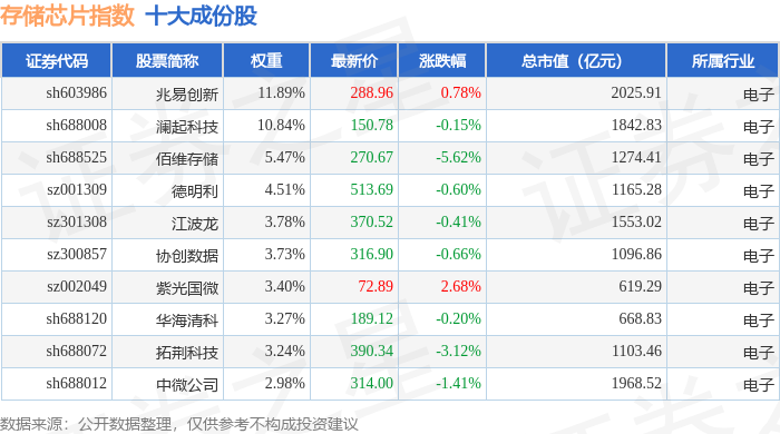证券之星消息,4月17日,存储芯片(980138)指数报收于222857.0点,跌27.0%,成交1105.9亿元,换手率412.0%。当日该指数成份股中,上涨的有20家,恒烁股份以6.41%的涨幅领涨,下跌的有21家,佰维存储以5.62%的跌幅领跌。
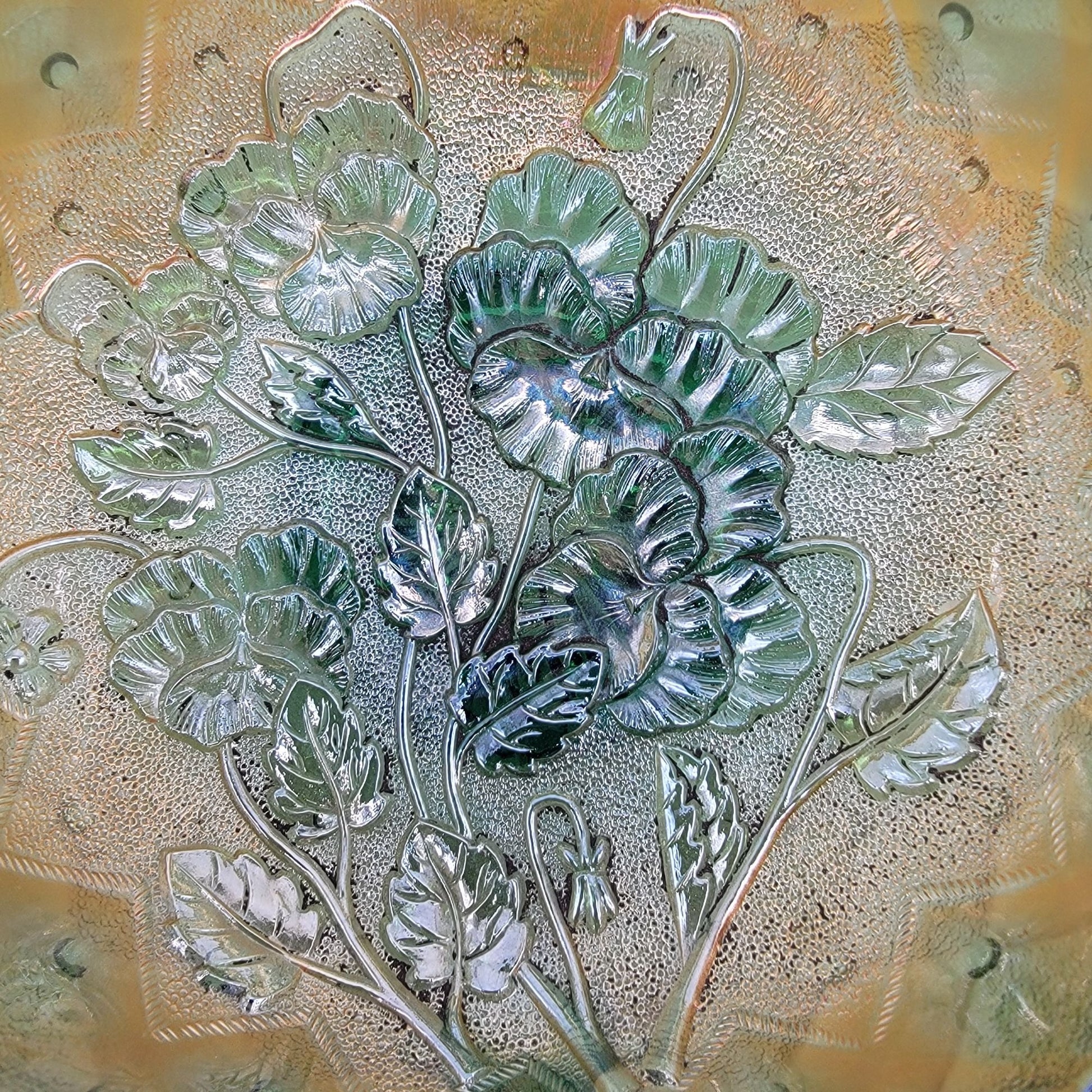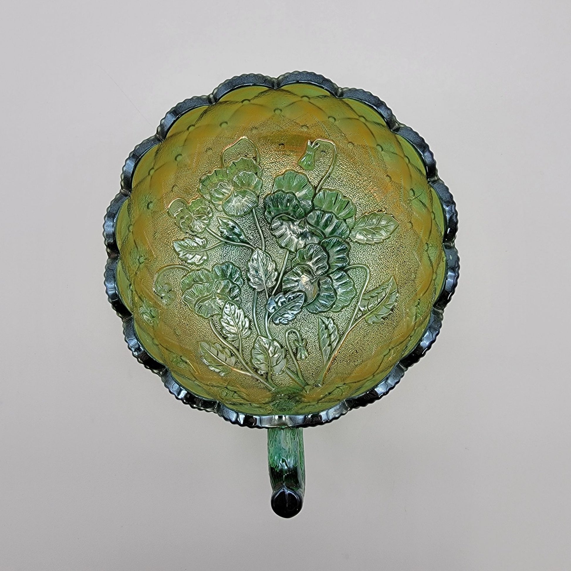 Vintage Imperial Carnival Glass Pansy Nappy Bowl Helios Green
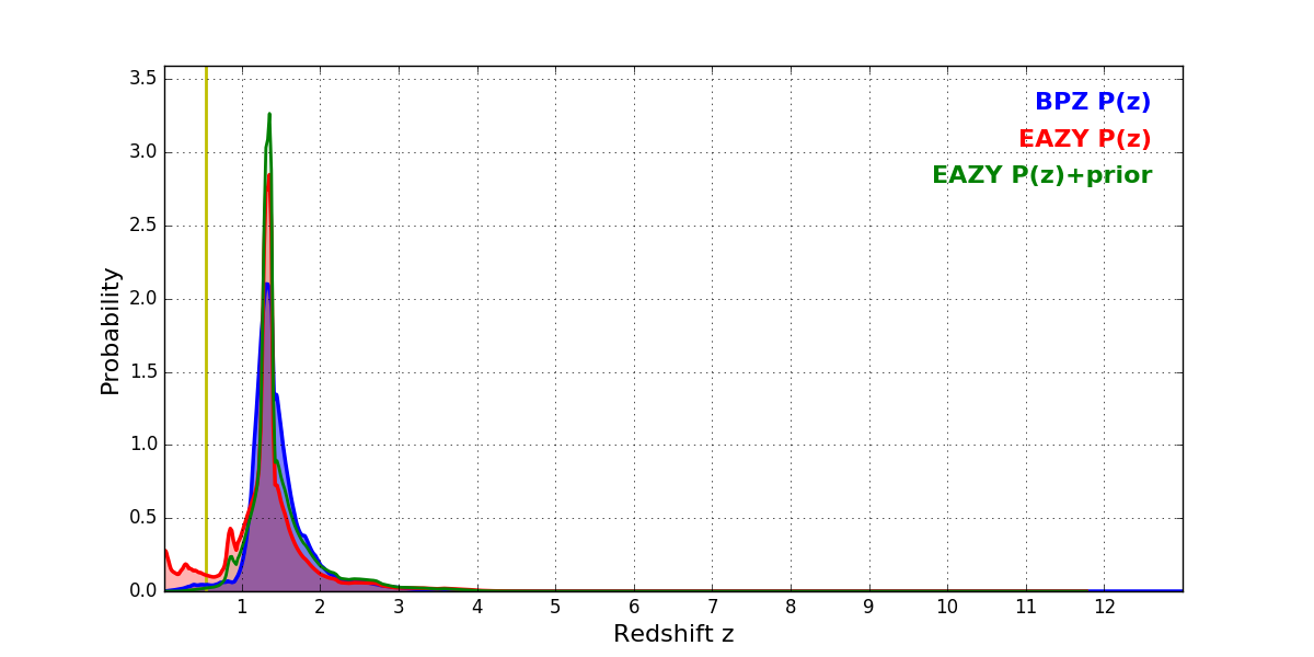 In P(z) plots: Yellow lines mark the cluster redshift z = 0.546,
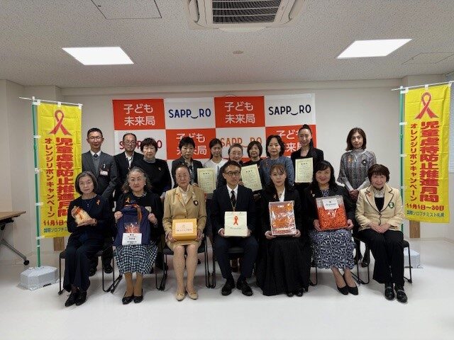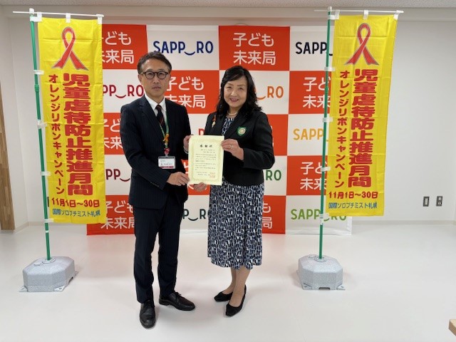 女性と女児の夢を実現するための児童虐待防止「キャッチ!SOSキャンペーン~11.25暴力撤廃への国際デー」に賛同して、オレンジリボン1250個オレンジリボン啓発ティッシュ2000個を作成贈呈しました。10月28日「札幌市へのオレンジリボン贈呈式」に参加、4クラブ等(SI札幌・SI札幌中央・SI札幌グローリア・SI札幌ノイエ・杏花会)の合同活動継続にあたり札幌市より感謝状をいただきました。贈呈式は9月白石区に開設しました新たな札幌市東部児童相談所で行われ、あわせて児童相談所の施設見学にご案内いただきました。またJR札幌駅構内で街頭啓発オレンジリボン及びポケットティッシュが配布されました。

Action item
Images should not appear in the copy; retype the listing above exactly.

Reply to the exercise
证券之星消息,4月17日,存储芯片(980138)指数报收于222857.0点,跌27.0%,成交1105.9亿元,换手率412.0%。当日该指数成份股中,上涨的有20家,恒烁股份以6.41%的涨幅领涨,下跌的有21家,佰维存储以5.62%的跌幅领跌。
 Vintage Imperial Carnival Glass Pansy Nappy Bowl Helios Green
 In P(z) plots: Yellow lines mark the cluster redshift z = 0.546,
 女性と女児の夢を実現するための児童虐待防止「キャッチ!SOSキャンペーン~11.25暴力撤廃への国際デー」に賛同して、オレンジリボン1250個オレンジリボン啓発ティッシュ2000個を作成贈呈しました。10月28日「札幌市へのオレンジリボン贈呈式」に参加、4クラブ等(SI札幌・SI札幌中央・SI札幌グローリア・SI札幌ノイエ・杏花会)の合同活動継続にあたり札幌市より感謝状をいただきました。贈呈式は9月白石区に開設しました新たな札幌市東部児童相談所で行われ、あわせて児童相談所の施設見学にご案内いただきました。またJR札幌駅構内で街頭啓発オレンジリボン及びポケットティッシュが配布されました。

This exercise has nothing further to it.